The Westside council districts - the districts with the most registered voters - aren’t voting in City Council elections this year! In the Valley, Mitchell Englander is running unopposed on the ballot, Paul Krekorian is going to win easily, and Bob Blumenfield doesn’t have to run! Districts with voters highly interested in fiscal responsibility, districts that often take the most active interest in elections — and in fact most voters in the City of Los Angeles — have no City Council election to vote on! The last time that happened, there were ten citywide ballot measures to bring out voters, including the hotly-contested issue of medical marijuana. This time, the only city ballot measures are Charter Amendments 1&2!
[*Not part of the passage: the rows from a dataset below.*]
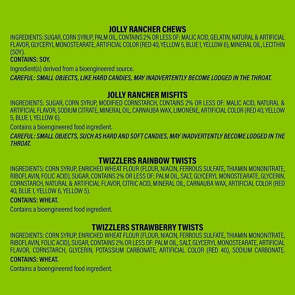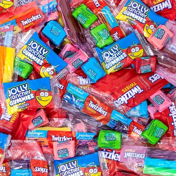 - Contains Jolly Rancher chews candy, Jolly Rancher misfits gummies, Twizzlers rainbow twists chewy candy and Twizzlers twists strawberry-flavored chewy candy.
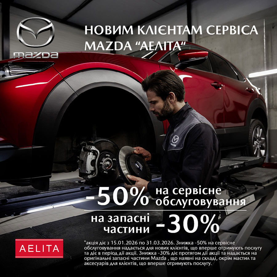 Знижка 50% на сервісні роботи* в автоцентрі Mazda Аеліта та 30% на запчастини** для нових клієнтів Mazda
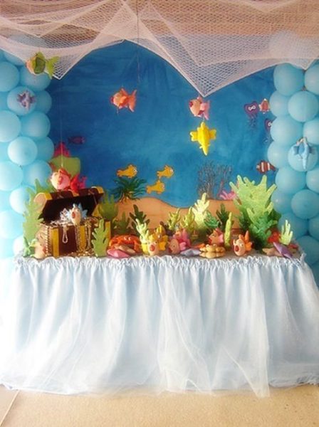 Es ciertamente difícil monar un buffet de dulces igual, pero sí puedes realizar un decorado para una fiesta temática inspirándote en esta fiesta. Por un lado, habrá que recortar siluetas para las algas, la vegetación marina y los corales. Se puede hacer en cartulina, pero siempre quedará mejor en tablex finos y con ayuda de una sierra de calar. Píntalos luego con un rodillo y aplica purpurina. Estrellas, cangrejos y peces para la mesa deberás, o bien hacerlos con la misma técnica, o bien buscarlos en bazares de resina, cerámica, plástico…
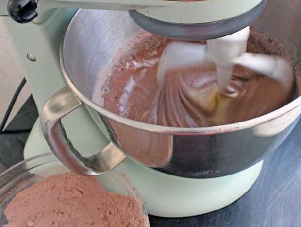 Poco a poco agregue la mezcla de harina y cacao a baja velocidad.
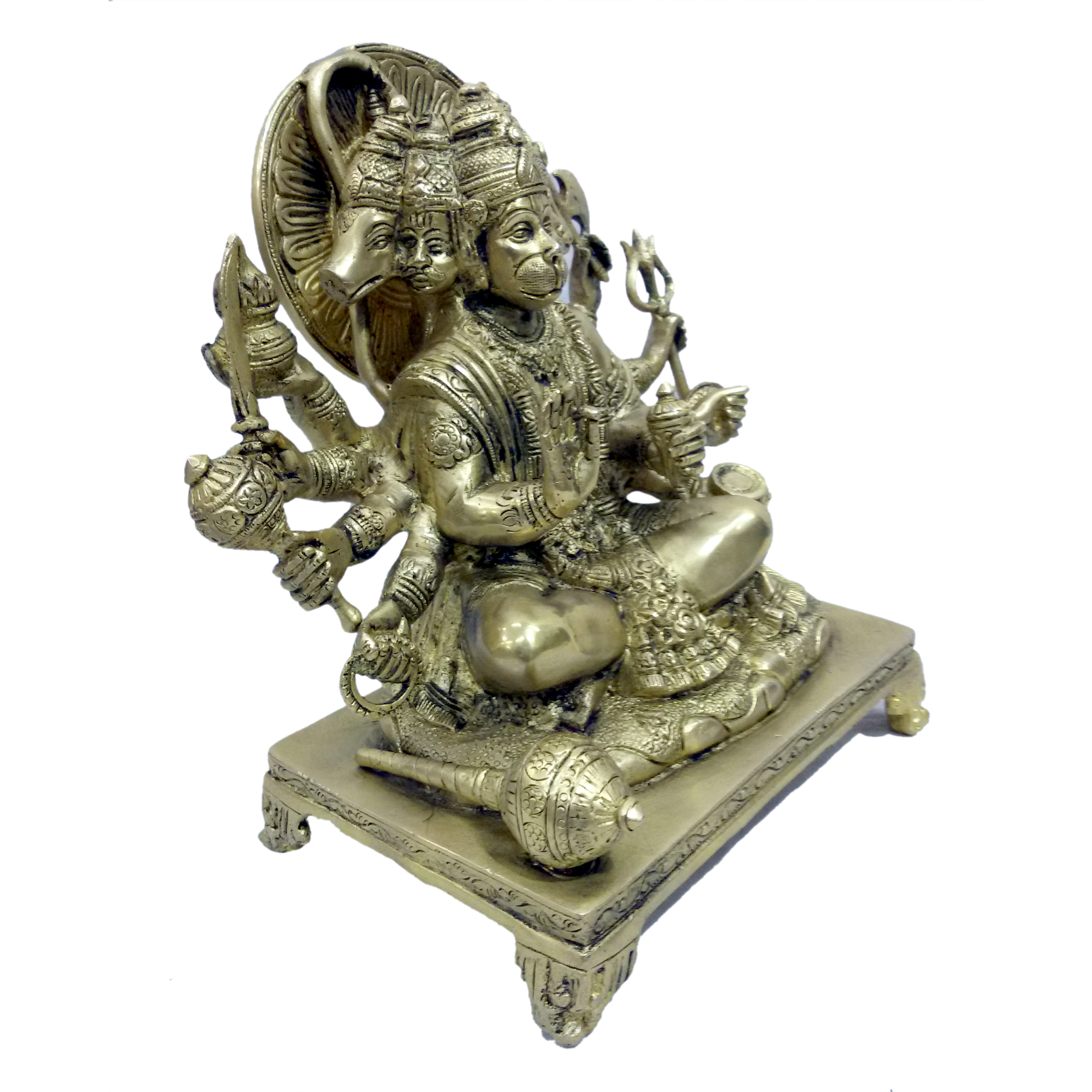 Design: Beautifully handcrafted five-faced Hanuman idol seated on a traditional Bajath (throne), representing power, protection, and devotion in perfect harmony
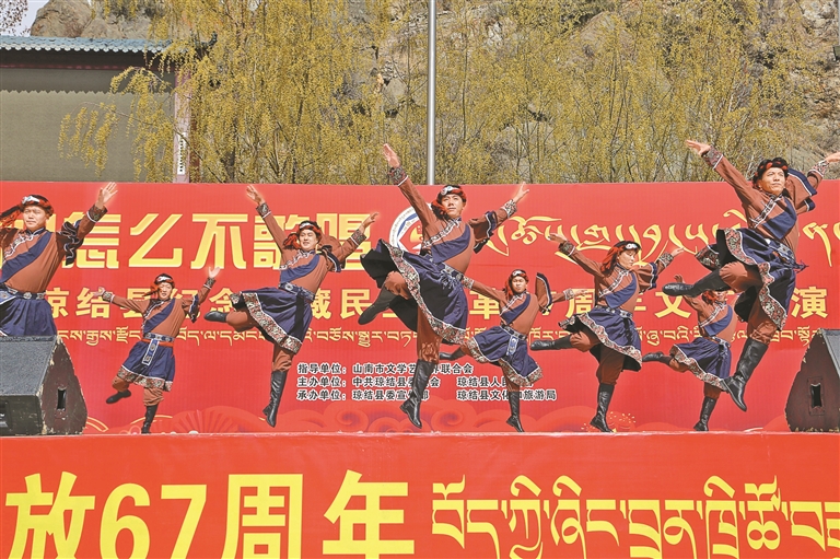 3月27日,瓊結(jié)縣舉行“叫我們怎么不歌唱”主題文藝演出。記者 白瑪澤旺 通訊員 倫珠澤仁 攝
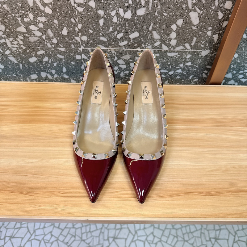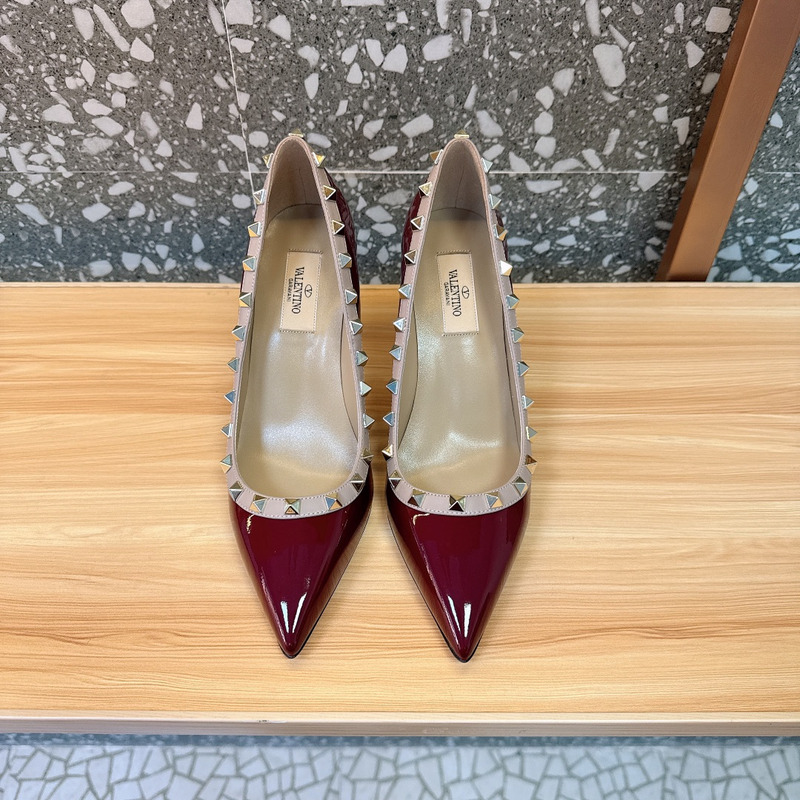 Valentino Rockstud Patent Leather Studded Heels In Red
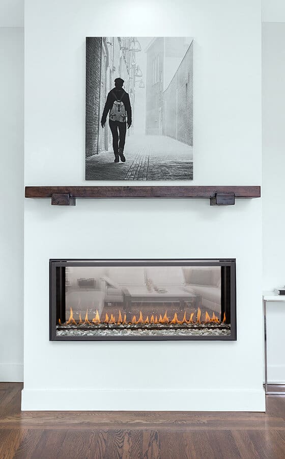 The Exemplar See Through – balanced design in elegant proportions. The R320ST See through power vent dedicated fireplace characterized by a generous landscape viewing area and linear burner. Rock or tile can be installed over the firebox frame for a clean minimalist look.
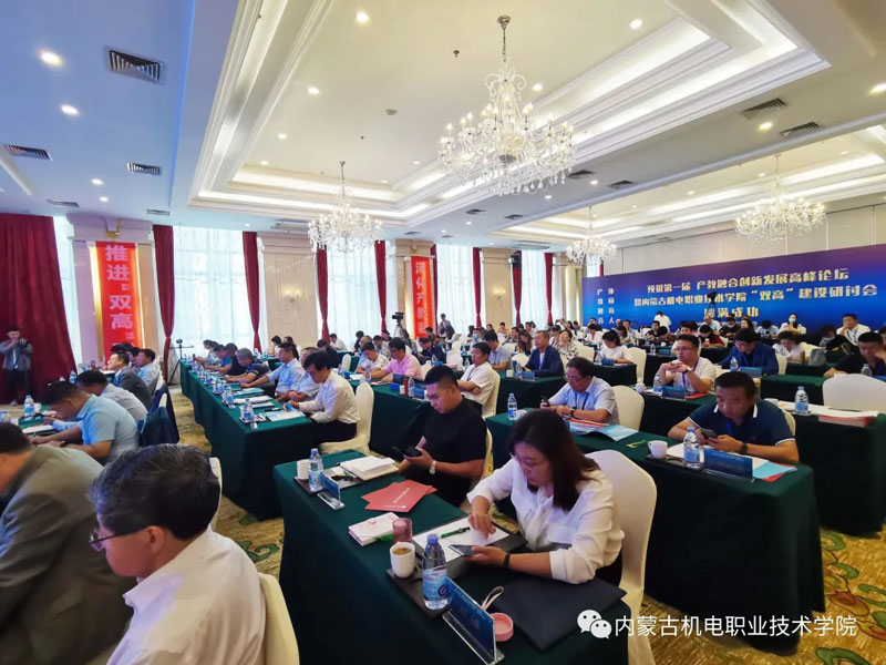 为深入贯彻《国务院办公厅关于深化产教融合的若干意见》精神,推进学院“双高建设”工作,2020年8月25日,由内蒙古机电职业技术学院主办、内蒙古中航睿通教育科技有限公司承办的以“融合 协同 共赢”为主题的第一届产教融合创新发展高峰论坛暨内蒙古机电职业技术学院“双高”建设研讨会在呼和浩特市隆重开幕。来自江苏、北京、内蒙古等多省的各行业企业30余家,包含“政、行、企、校”领导及专家在内的100余人参加了会议。
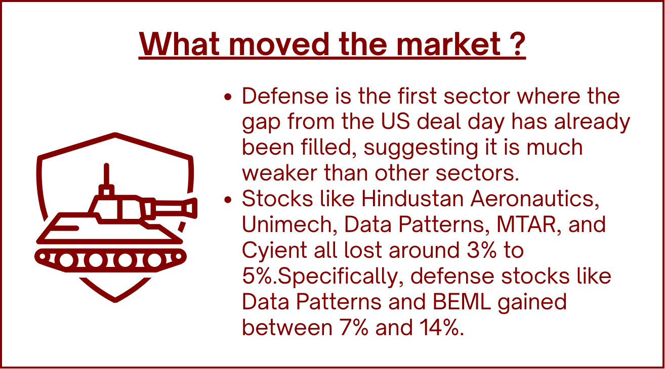 Two days after the so-called US-India deal, it has been announced that there is still work happening on the deal. It is likely that some parts of it will get closed in the next four or five days. So nothing is certain, no fine print is known, and the market also was not so happy on this news. The jump that the market did two days back has almost been half given away.

Boring, right? Now Wesson is up for re-election. He’ll be turning out voters in his district. And I’m sure he’s figured out that he can use this odd-year election to get himself and his staff and other politicians parting gifts from the voters without having to worry about high turnout in the districts that gave him the most trouble with the sales tax! Sneaky! And ironically, those gifts would come from propositions that say we shouldn’t even be having odd-year elections! Plus, County Supervisor Mark Ridley-Thomas isn’t termed out until 2020, and Wesson would absolutely love to get to stay in office until 2020 instead of 2019 and run for Ridley-Thomas’ seat as a current elected official rather than as a termed-out has-been! Brilliant!

[dc]L.[/dc]A., you’re being played. Forget “voter fatigue.” Combat complacency. Go vote “no” or you’ll be responsible for huge mandatory gratuities to otherwise termed-out politicians. You can vote against Amendments 1&2 at any polling place in the city (see a flag, get a ballot!) on Tuesday, March 3rd until 8:00 PM. Push back.